(Dataset records)
▽

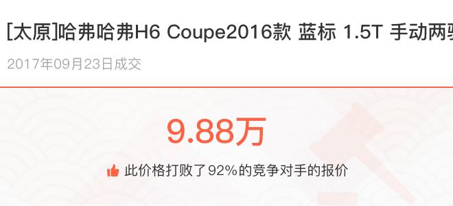 下面一起来看下开了不同公里数的哈弗哈弗H6 Coupe在二手车拍卖平台上卖了多少钱:
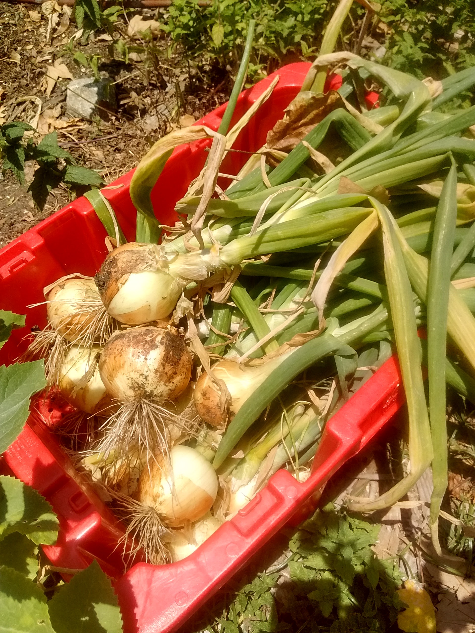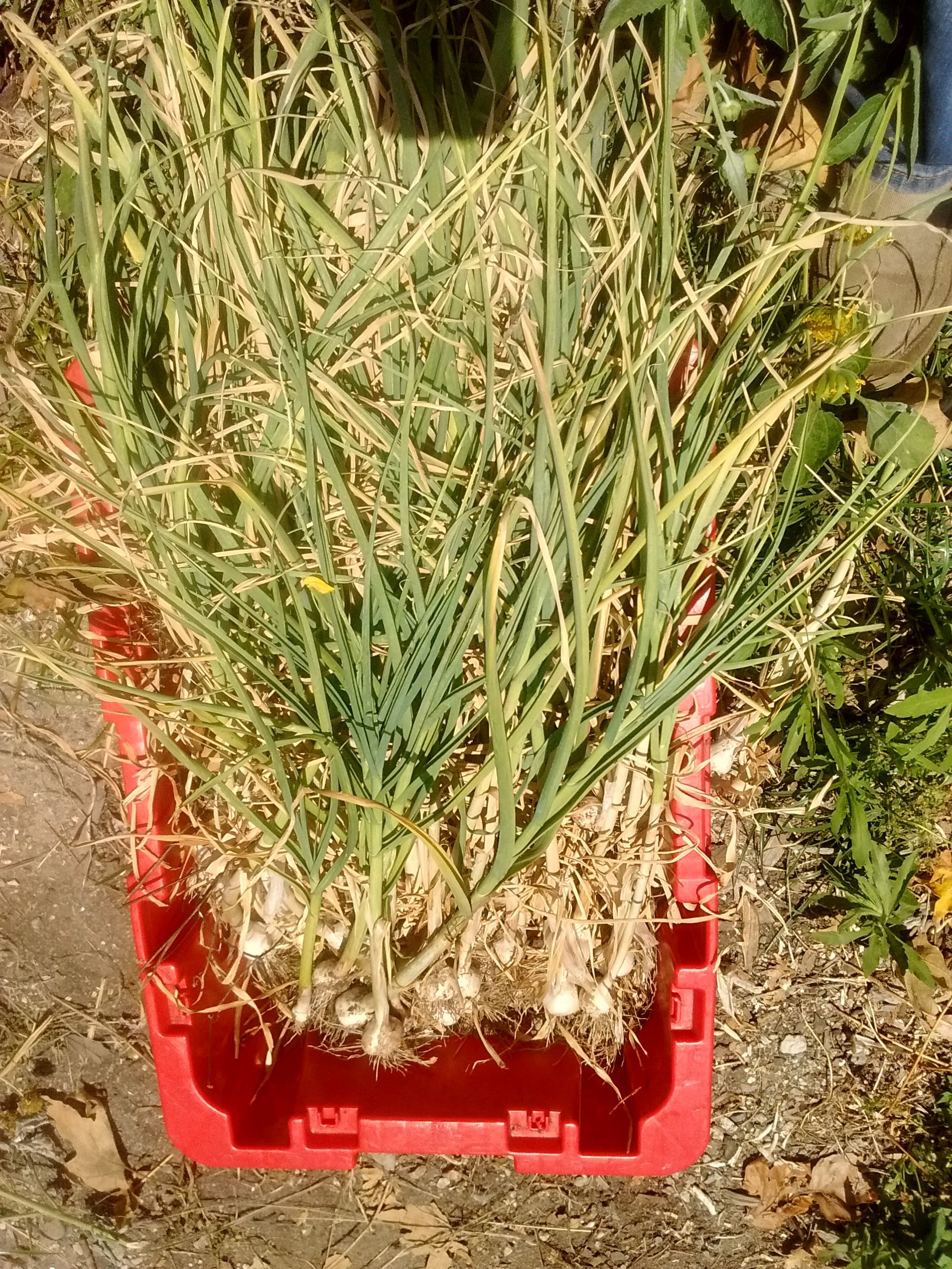 Nine pounds each of yellow onions and garlic. Very tasty.
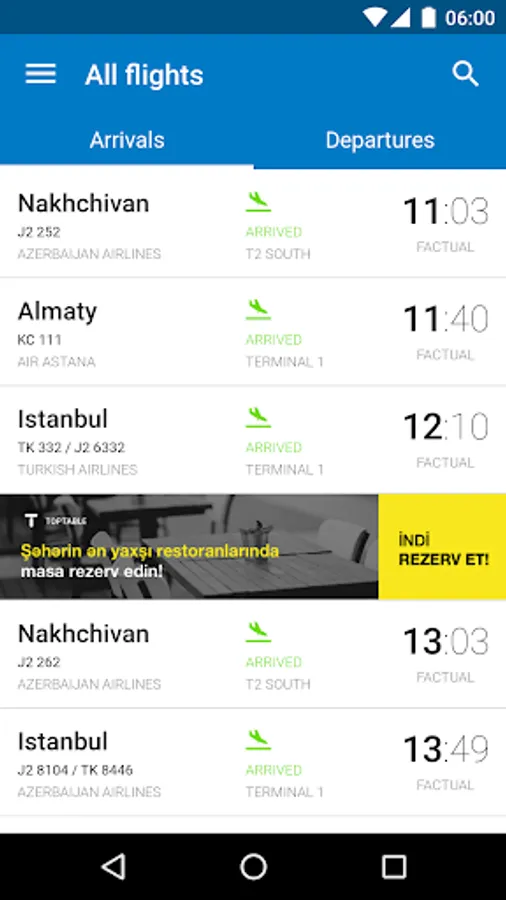 Exclusive mobile app for tourists and citizens of Baku city, all flights statuses are in real-time provided by GHC (Ground Handling Company).
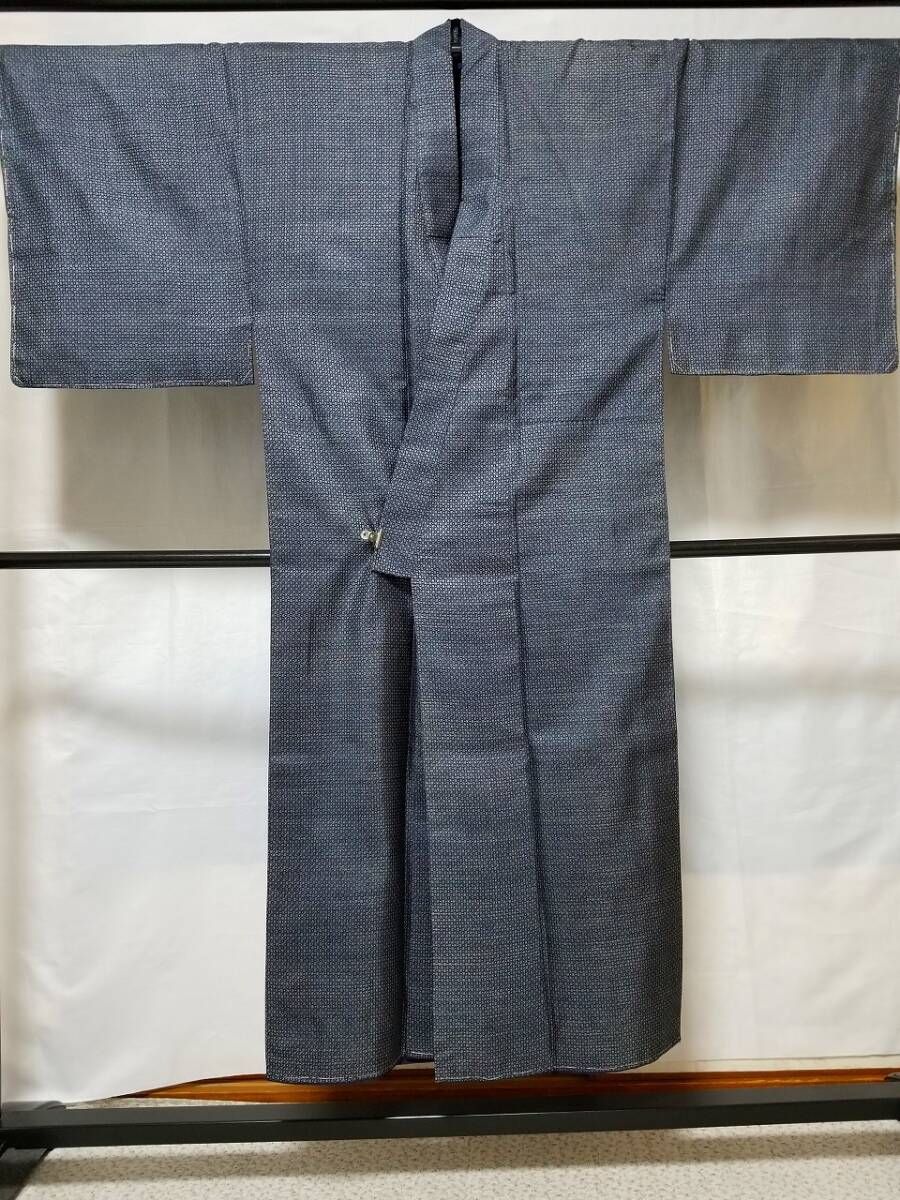 - 【桐徳】紳士物*駒御召AS☆送料無料*期間限定*22%OFF{正絹*西陣*駒御召*袷上.下}丈147-裄69*黒紺地*白糸の経緯絣織の蚊絣.四角文*№6937
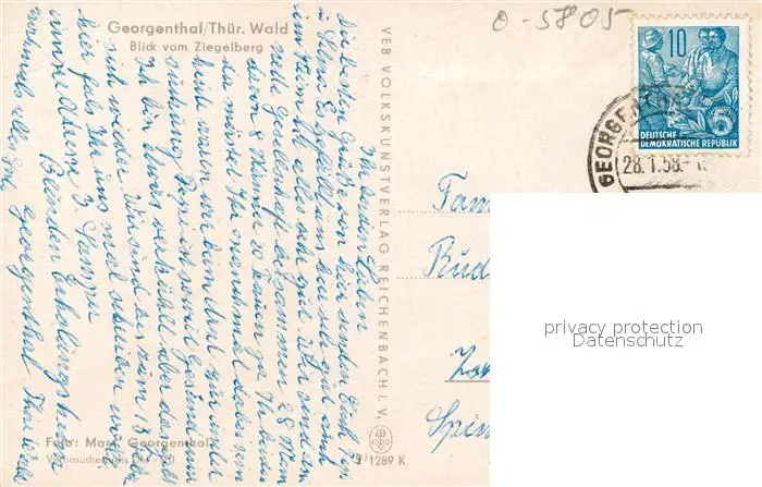 Georgenthal_Gotha Blick vom Ziegelberg Georgenthal Gotha postalisch gelaufen 1958 Erhaltung siehe scans [WerneD78] WernPID7
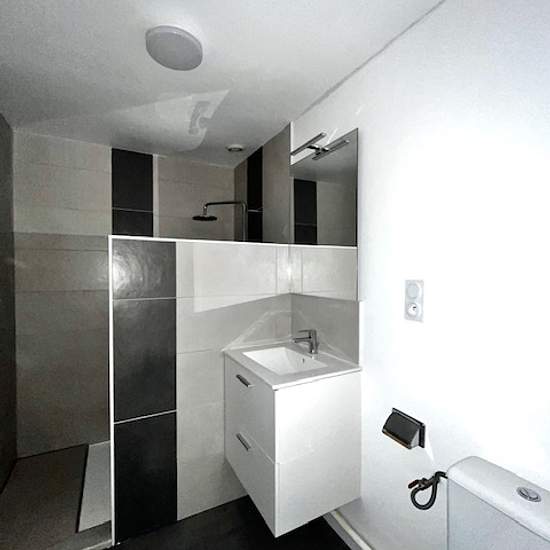 Bel appartement refait à neuf situé au 2ème etage, offrant une jolie vue, et comprenant une entrée, un séjour ouvert sur une cusine équipée, une chambre, ainsi qu'une salle d'eau avec WC. Stationnement extérieur. Chauffage électrique.
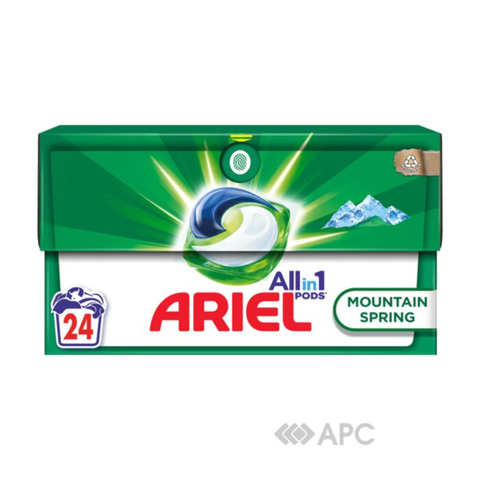 Капсули для прання Ariel Гірське джерело 24*19,5 г це найзручніший формат продукту, що допоможе зробити улюблені речі чистими. Інноваційна формула дозволяє складу глибоко проникати в тканини та видаляти забруднення, не руйнуючи волокна та зберігаючи колір. Неймовірна м’якість, свіжий аромат залишаться із вами надовго. Зручний формат капсул дозволяє очистити більшу кількість речей за один раз, тож упаковки вистачить на достатню кількість циклів прання.
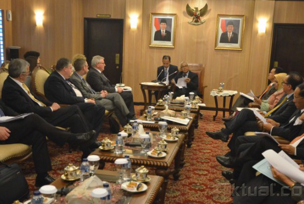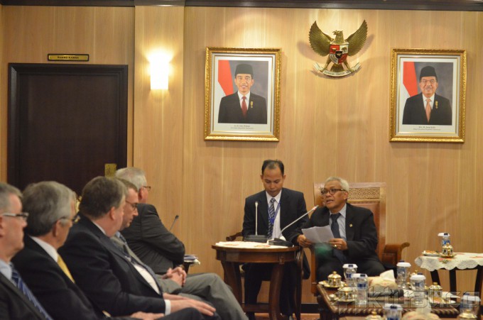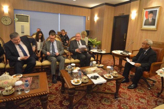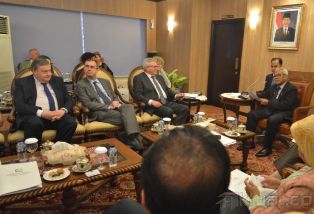 Wakil Ketua DPR Agus Hermanto (kanan) didampingi Anggota Komisi I Menerima Delegasi Parlemen Eropa yang dipimpin oleh Chairman Delegation of the European Parliament for South East Asia and ASEAN Werner Langen (kedua dari kanan) pada pertemuan di Kompleks Parlemen Senayan, Jakarta Selatan, Selasa (16/3/2015). Pertemuan tersebut membahas kerja sama Indonesia dengan negara-negara Eropa. AKTUAL/JUNAIDI MAHBUB
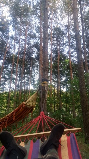 Но не мешает. Наоборот - для антуражу ещё лучше!))). Свежо! Комаров прибивает... У нас же шатёр большой. В нём - большой стол. Но за ним - пару раз в день на пару часов)))  А так сидим, обычно, рядом, возле костра. Там-же можно на гамаках полежать... туда-же взять с собой пЫво и со стола тарелку вкусняшек... Ну, или набрать пирожных-сладостей и сделать себе чай/кофе/какао... Котёл с водой всегда висит на треноге..По крайней мере, всегда, когда там нет другого котла с шурпой, или глинтвейном.))))
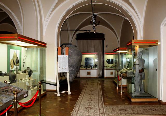 The building of the Museum was built in 1893–1902. The Italian Renaissance-style mansion is immense and takes up an entire city block. There are four floors in some parts of the building. It was designed by Polish architect Józef Gosławski. On the second floor of Taghiyev's residence, side by side there are two major ballrooms. One is based on Oriental designs (Mauritanian) style and the other, on Occidental design. The Oriental Room has enormous plate glass windows, gilded arches, highly ornamental walls, ceilings and chandeliers. The lines in the Occidental Room are more perpendicular to each other – rectangular. The museum has more than 2000 exhibits and includes the following departments:Modern history, Ethnography, Ancient and medieval history of Azerbaijan, Scientific excursion, Fund of Numismatics, Art design group.
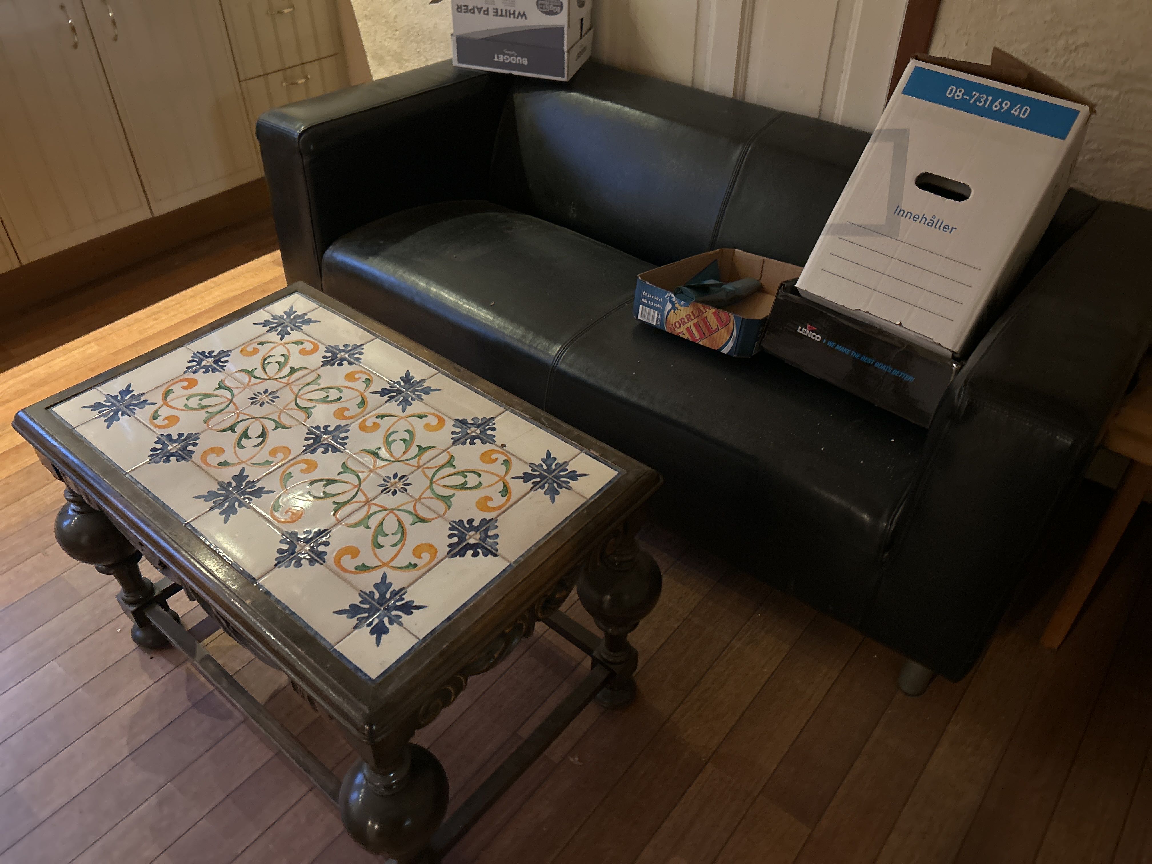 - 1st skinnsoffa med bord
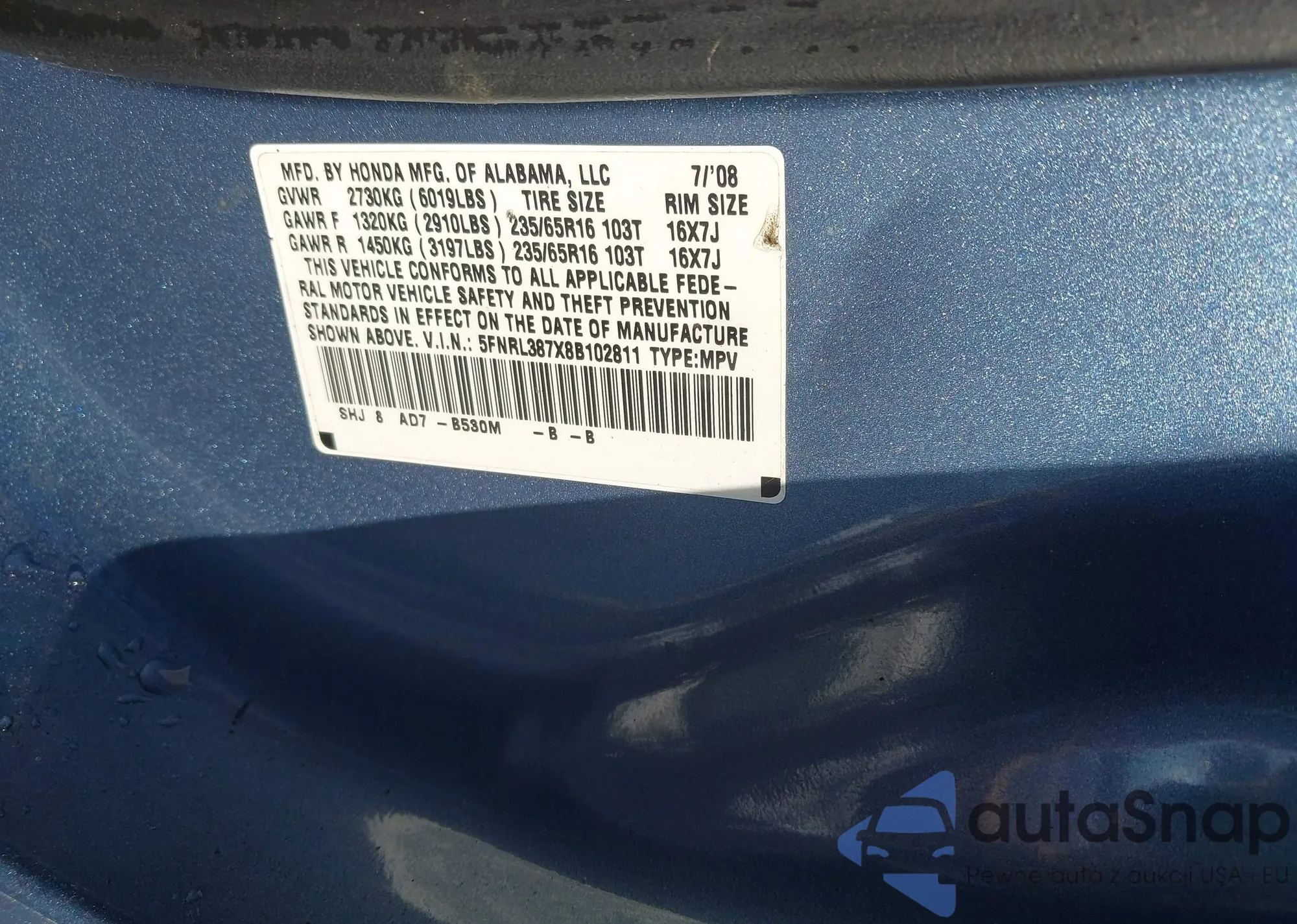 • VIN 5FNRL387X8B102811

△

[BRIEF] In the records above, find the line containing "Капсули для прання" and the line containing "Wakil Ketua DPR", then give both of them again word for word along with every line between. Omit any pictures.

[WRITTEN ANSWER]
 Капсули для прання Ariel Гірське джерело 24*19,5 г це найзручніший формат продукту, що допоможе зробити улюблені речі чистими. Інноваційна формула дозволяє складу глибоко проникати в тканини та видаляти забруднення, не руйнуючи волокна та зберігаючи колір. Неймовірна м’якість, свіжий аромат залишаться із вами надовго. Зручний формат капсул дозволяє очистити більшу кількість речей за один раз, тож упаковки вистачить на достатню кількість циклів прання.
 Wakil Ketua DPR Agus Hermanto (kanan) didampingi Anggota Komisi I Menerima Delegasi Parlemen Eropa yang dipimpin oleh Chairman Delegation of the European Parliament for South East Asia and ASEAN Werner Langen (kedua dari kanan) pada pertemuan di Kompleks Parlemen Senayan, Jakarta Selatan, Selasa (16/3/2015). Pertemuan tersebut membahas kerja sama Indonesia dengan negara-negara Eropa. AKTUAL/JUNAIDI MAHBUB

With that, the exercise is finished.